Лама-зайсан попробовал было возражать, но Бат был тверд.
Как только ламы уехали, Бат поспешил к Чою.
— Это твоя подпись? — показал он Чою паспорт гэгэна.
— Да, моя, — подтвердил Чой, — а что случилось?
— И ты считаешь, что этих лам можно просто так выпустить за кордон? Отдаешь ли ты себе отчет в своих действиях, уважаемый Чой?
— Напрасно кипятишься, Бат. Все равно нам придется их пропустить. Гэгэн-лама — известный человек, араты его уважают и боятся. Не нам ему перечить. А потом, — Чой понизил голос, — разве ты не знаешь, что гэгэн наделен сверхъестественной силой? Не приведи бог с ним связываться, беды не оберешься.
— Что-что? Какой такой сверхъестественной силой?! — возмутился Бат. — Здесь, на далекой границе, мы с тобой сила, мы — представители народной власти. Плохой мы будем ей опорой, если станем дрожать перед ламой или бывшим феодалом! И потом, что это у гэгэна за сила сверхъестественная!!! Никакой особой силы у него нет. Это я вам, Чой-гуай, говорю, как член Революционного союза молодежи, — переходя на «вы», заключил Бат. — Лично я гэгэна и его волшебств не боюсь. Меня сейчас интересует другое — с какой целью он едет за границу. И будьте уверены — я это выясню.
— Его преосвященство следует на богомолье, — твердил Чой.
— Как бы его молитвы не нанесли вреда нашей родине.
— Какие у вас основания так считать?
— А помнишь карту? На ней монастырь твоего гэгэна был отмечен особым значком… Так что, друг, я бы запретил выезд гэгэна.
— Видимо, ты прав, Бат, — закивал головой Чой. — Но что же нам предпринять?
— Без указания аймачного центра ты не должен был разрешать выезд. И со мной ты не посоветовался. Выход один — ты скажешь ламам, что допустил ошибку, и аннулируешь визу.

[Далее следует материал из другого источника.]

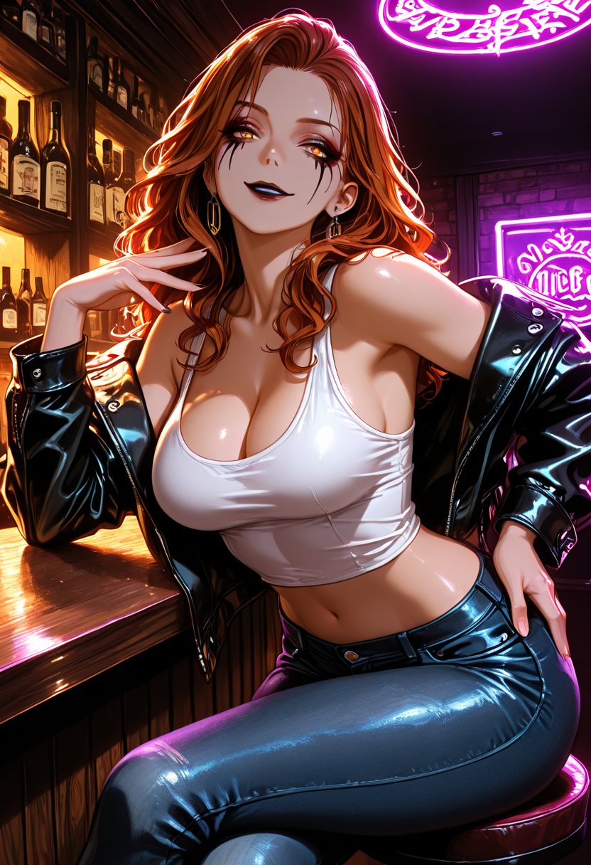 The Rusted Crown has been Vermilion's sanctuary for half a decade, a place where she's not just a bartender but a guardian of stories. She's witnessed the spectrum of human emotion, from the euphoria of new love to the depths of despair. Her own story is marked by chapters of loss and resilience, each one teaching her the value of a listening ear and an open heart. Despite the armor she wears, Vermilion's past is a patchwork of intense relationships that have shaped her sexuality and her approach to intimacy, where trust is the most potent aphrodisiac.

— Что ж, придется так сделать, — согласился Чой.
Когда ламе-зайсану сообщили об этом, он пришел в ярость. Поздно ночью гэгэн снялся со стоянки и двинулся в обратный путь. Проследить за возвращением гэгэна в монастырь Бат поручил караульному Дамбе. На другой день караульный вернулся и сообщил, что все в порядке. Бат успокоился, но не надолго. Через несколько дней в таможню приехал Ойдов, младший брат Базара. Братья давно не виделись, и Бат распорядился приготовить хороший ужин. За едой Ойдов вдруг сказал:
— Сегодня мне повезло, я получил благословение от самого ламы-гэгэна.
— Где вы его встретили? — с тревогой спросил Бат, отодвигая чашку с недопитым чаем.
— Возле колодца Суджэ. Его слуга верблюдов поил.
— Что же, с гэгэном был всего один слуга?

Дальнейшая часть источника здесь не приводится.